A piece of advice an instructor once told Edwards has stayed with her throughout her career—she routinely leaves her clients with this request: “If you’re pleased with my service, tell others. If not, please tell me, and give me the chance to improve.” Although seemingly blunt, this allows her to address any potential issues head-on. An additional trust-builder that Edwards has integrated into her business strategy a guarantee that clients will see and feel a noticeable difference in the first 80 minutes she spends with them during the appointment, or the appointment is free of charge. “I have an enzymatic peel for people who are skeptics—and I don’t blame them, because when you don’t get results, it’s really hard to believe some that is really going to help you in your journey to better skin,” she says. At the end of the treatment, Edwards shows the client before-and-after photographs she took of their skin with a facial imaging system—which is a practice she continues to do with them long-term—in order for the client to see the transformation. So far, she has always received payment. “You can’t change what a photograph does,” says Edwards.
On that first visit, Edwards never attempts to sell the client more than four products. She finds that if a client is not used to an at-home skin care routine, it may be difficult for them to incorporate more than a few products, which will lead to less-than-stellar results. Because many clients may, at first, believe they only need a cleanser and moisturizer, Edwards performs a quick demo on their hand to show what a difference a toner can make.

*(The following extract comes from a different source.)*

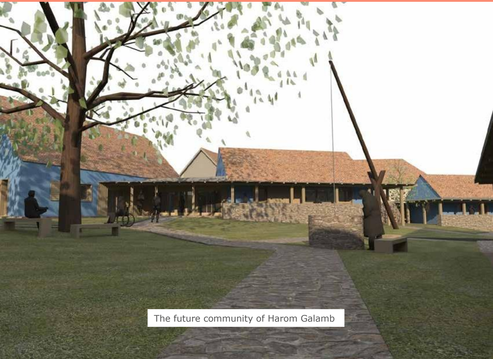
The future community of Harom Galamb

While “stroking into the landscape” the building complex intended to be the home of Harom Galamb (Three Doves), a beautiful site hidden in the elbow bend of the Upper Street in Porumbenii Mici, we had the opportunity to reflect deeply as architects on the lives and worlds hidden in the shells of the soul. Is it a fully protected environment, radiating security and predictability, or a place that prepares you for life outside, setting up a ladder of challenges to be climbed? A temporary existence or a forever home, a world in the world? And finally, we understood that it is all of these things in one. We have been brought closer to knowledge with each conversation with Zsuzsa and all those who believe with her that there is always a way to a fulfilled life, if we persevere in the search.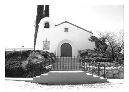
66 E. Maplewood St. Oracle, Arizona, 85623

Edwards believes the future of the skin care industry is endless “... because more and more people are interested in quality care.” However, those clients will educate themselves with the resources available to them. “The intelligent consumer is looking for an esthetician or holistic practitioner that knows what they’re doing, who is constantly getting educated. You can’t rest on your laurels—you must go to classes, you must get your CEUs—you have to keep up with things,” says Edwards. “Even if you don’t utilize what’s new, you still want to be aware, because your client is going to come in and ask you questions, and you need to know at least what’s current. We have the inside track when we go to classes and to shows … and we need to take advantage of that.”
Edwards offers the following advice to other skin care professionals: “Be the best at what you do; master your craft; don’t stop learning; be enthusiastic; be among people who have the same interests you have,” she explains. “And you will make yourself successful.”